Anna Maksymenko

Personal information
- Full name: Максименко Анна Олександрівна
- Born: 11 July 2007 (age 18) Lviv, Ukraine

Fencing career
- Sport: Fencing
- Country: Ukraine
- Weapon: épée
- Hand: right
- Club: Dynamo Lviv
- FIE ranking: ranking

Medal record
Women's épée
Representing Ukraine
European Championships
| Gold medal – first place | 2025 Genova | Team épée |
| Bronze medal – third place | 2026 Antony | Team épée |
Summer Universiade
| Silver medal – second place | 2025 Essen | Individual épée |
World Cadets Championships
| Gold medal – first place | 2024 Riyadh | Individual épée |
| Silver medal – second place | 2022 Dubai | Individual épée |
World Junior Championships
| Gold medal – first place | 2025 Wuxi | Team épée |
| Bronze medal – third place | 2023 Plovdiv | Individual épée |
European U23 Championships
| Gold medal – first place | 2025 Tallinn | Individual épée |
European Cadets Championships
| Gold medal – first place | 2024 Naples | Individual épée |
| Gold medal – first place | 2024 Naples | Team épée |
| Bronze medal – third place | 2023 Tallinn | Individual épée |
| Bronze medal – third place | 2023 Tallinn | Team épée |
European Junior Championships
| Gold medal – first place | 2024 Naples | Individual épée |
| Gold medal – first place | 2024 Naples | Team épée |
| Gold medal – first place | 2026 Tbilisi | Team épée |
| Silver medal – second place | 2026 Tbilisi | Individual épée |

= Anna Maksymenko =

Ukrainian fencer (born 2007)

Anna Oleksandrivna Maksymenko (Анна Олександрівна Максименко; born 11 July 2007) is a Ukrainian épée fencer.

==Career==
In 2018, Maksymenko debuted at the international junior tournament "Challenge Wratislavia" in Wrocław, winning a bronze medal in individual épée.

In 2021, she won a silver medal at the Budapest Cup in the team épée competition.
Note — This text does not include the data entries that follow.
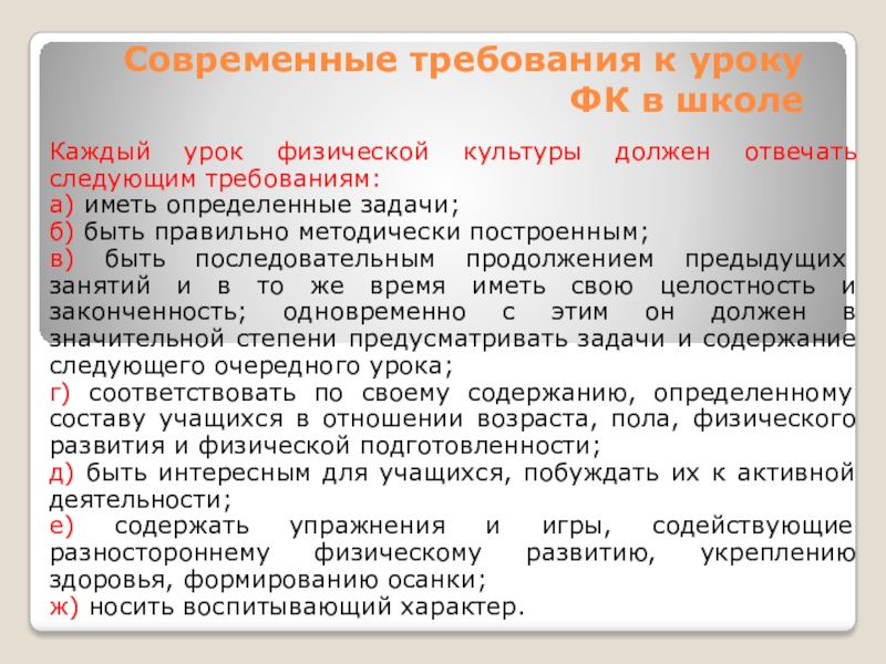 Слайд 14Учителю на каждом уроке следует добиваться достаточной физической нагрузки на организм
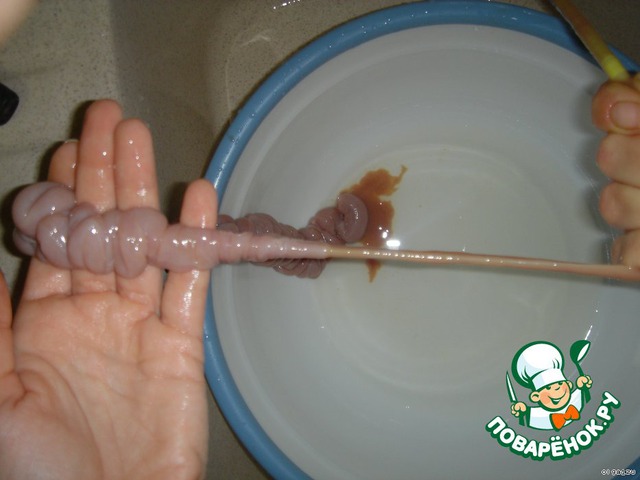 Вымыть кишки, разрезать длинной 60-70 см. Трубочкой для коктейля, зацепить срез кишки, продев срез вовнутрь. Насодить всю кишку на трубочку.
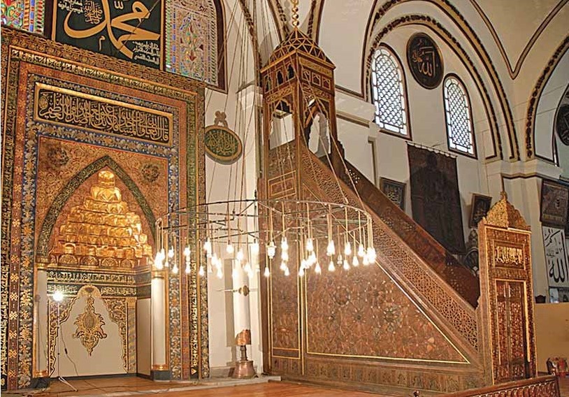 Minberin Taç Kapısı ve Caminin Yapılış Tarihi Minberin kusursuz ve hakikaten sanatkarane bir işlikle yapılmış taç kapısı üzerine ceviz ağaca oyarak kalem-i muhakkak ile yazılmış kitabede, minberin yapılış tarihi ve yaptıranı belirtilmektedir. “Mimma amile bi-resmi’s-Sultan-i’l Muazzam Bayezid bin Murad Han bi-tarihi isneyn ve sema-nemie”. Yani “Bu eser Murad Han oğlu büyük Sultan Bayezid Han’ın Emriyle 802 tarihinde yaptırılmıştır.” deniliyor. Bu hicri tarih, caminin miladi olarak 1399 yılında yapıldığını gösteriyor. Minber bütünüyle kainatı sembolize ediyor. Minberin giriş kapısının üzerindeki kitabede altın yaldızla Osmanlıca olarak, ‘Yıldırım Beyazıt Han tarafından hicri 804 (miladı 1402) yılında yaptırılmıştır’ ibaresi yer alıyor. Sarmaşık motifleriyle süslü olan tırabzanların sağ çıkış ikinci kolonu üzerinde süsleme motifine uygun sülüs tarzda yazılmış, Devaklı Abdülaziz oğlu Mehmet işi ibaresi dikkat çekiyor. Sanatkarın bu imzası son yıllarda fark edildi.  Minberin doğu cephesinde, biri dar dikdörtgen, diğeri alanı daha geniş üçgen biçiminde, bir diğeri en altta şerit halinde uzanan taşıyıcı dolap serisi banko olmak üzere birbirine bitişik üç kompozisyon alanı bulunuyor. Üçgen ve dikdörtgen yüze ikisi birlikte Güneş Sistemi’nin kabartma formlarla işlendiği bir alan var. Gezegenlerin her biri yörünge hareketleriyle birlikte küresel kabartma motifler halinde Güneş’e olan uzaklık ve aralarındaki büyüklük karşılaştırmaları da verilerek olması gereken yerlerde. Gezegenler, Merkür, Venüs, Dünya, Mars, Jüpiter, Satürn, Uranüs, Neptün, Pluto şeklinde olan Güneş’e uzaklık sıralaması da doğru. Büyüklük mukayesesi de baz alındığında Dünya’dan elli bin defa daha büyük olan Güneş, büyük bir ustalıkla mükemmel şekilde işlenmiş durumda. Anlaşılacağı üzere dünyanın yuvarlak olup olmadığının bile tartışıldığı bir devirde bir ahşap işçisi bile o dönemde bilinen tüm gezegenleri rastgele bir yıldız olarak değil, güneş sistemimizdeki birer gezegen olarak işlemiş.
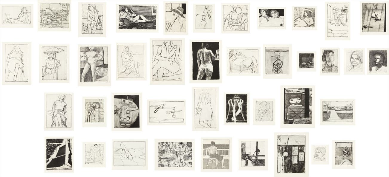 #1 (the artist's wife, Phyllis); #2 (the artist's living room in Berkeley); #3 (seated woman with part of a table near her right leg); #4 (Phyllis); #5 (Phyllis wearing a hat); #6 (two portraits of Phyllis); #7 (Phyllis and her friend, Flora); #8 (double portrait of Phyllis with motif taken from a rug in the artist's living room and used as the insignia for the cover of the book); #9 (the artist drew on the plate during a model session with several artist friends); #10 (similar to the unique impression, Composition With Leafy Plant in Vase With Fork and drawn at the same time); #11 (opened letter on a table); #12 (Phyllis on outside deck); #13 (artist's daughter, Gretchen); #14 (Phyllis on the patio, 6-16-65 in drypoint on the plate); #15 (standing nude with arms on hips); #16 (the artist drew on the plate during a model session with several artist friends); #17 (back view of standing nude woman with partial reflection); #18 (Phyllis in striped chair); #19 (still life with pencil, glass and box with cigarettes); #20 (painting in artist's studio lying on its side behind a small table); #21 (portrait of Phyllis); #22 (portrait of Phyllis); #23 (portrait of Phyllis); #24 (Phyllis seated in rattan chair); #25 (Phyllis leaning head on arm of couch); #26 (table still life with ashtray and numbers); #27 (still life with silverware, scissors and three crosses); #28 (sketch of Kathan Brown done at Crown Point studio); #29 (woman seated in curved-back chair resting elbows on knees); #30 (Phyllis at home); #31 (looking out at deck of Diebenkorn residence); #32 (streetscene -trees, houses, lawns); #33 (hillside streets); #34 (nude drawn during model session); #35 (reclining nude woman with arm over her head); #36 (table setting with flowery tablecloth); #37 (crosshatched drawing of woman in chair, turning her back); #38 (chair, potted plant, woman standing); #39 (interior of artist's studio on Adeline Street in Berkeley); #40 (Phyllis); and #41 (still life with plate and open scissors)
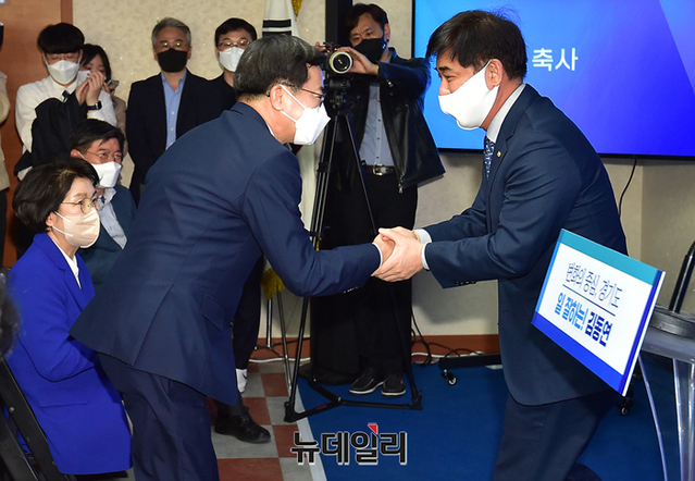 김병욱 더불어민주당 의원이 20일 오후 경기 수원시 팔달구에서 열린 김동연 경기도지사 예비후보 선거사무소 개소식에서 축사를 하고 있다. (경기 수원=정상윤 기자)
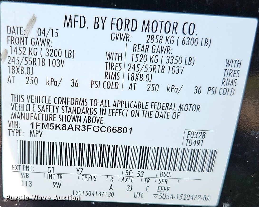 Purple Wave is selling a used Passenger Vehicle in Missouri. This item is a 2015 Ford Explorer Police Interceptor SUV with the following: Miles: 84,996 on odometer, VIN: 1FM5K8AR3FGC66801
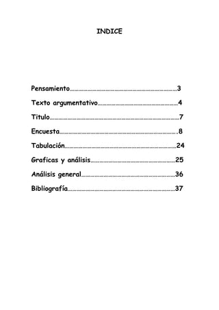Este documento presenta los resultados de una encuesta sobre el desarrollo infantil aplicada a estudiantes de segundo grado. La encuesta abordó temas como la actitud de los padres, el cuidado cuando están enfermos, el tiempo que pasan con la familia, la alimentación y el apoyo ante malos resultados escolares. Los resultados mostraron que la mayoría de los padres se enojan de forma furiosa, las madres son quienes más cuidan a los niños enfermos, pasan poco tiempo con la familia y su alimentación es principalmente sana.

Maksymenko also received gold in the individual épée competition at the tournament Belgrade Open.

The following year, she competed at the 2022 European Cadets Championships, held in Novi Sad, finishing 6th in the team épée competition.

At the 2022 Junior and Cadet Fencing World Championships in Dubai Maksymenko won a silver medal in the individual épée competition, losing Aleyna Ertürk from Turkey in final tournament.

In 2023, Maksymenko debuted competing at the Junior Fencing World Cup stage in Laupheim, winning a gold medal in the individual épée competition. She also competed at the 2023 European Cadets Championships in Tallinn, where she won two bronze medals in the individual and team épée competitions.

At the 2023 Junior and Cadet Fencing World Championships in Plovdiv Maksymenko won a bronze medal in junior individual épée competition, losing Alicja Klasik from Poland in semifinals.

The following year, Maksymenko became four-time European champion among juniors and cadets at the European Cadets Championships in Napoli in the individual and team épée competitions.

Maksymenko also became World champion in the cadets individual épée competition at the 2024 Junior and Cadet Fencing World Championships in Riyadh, defeating Sharika Gajjala from the United States in final tournament.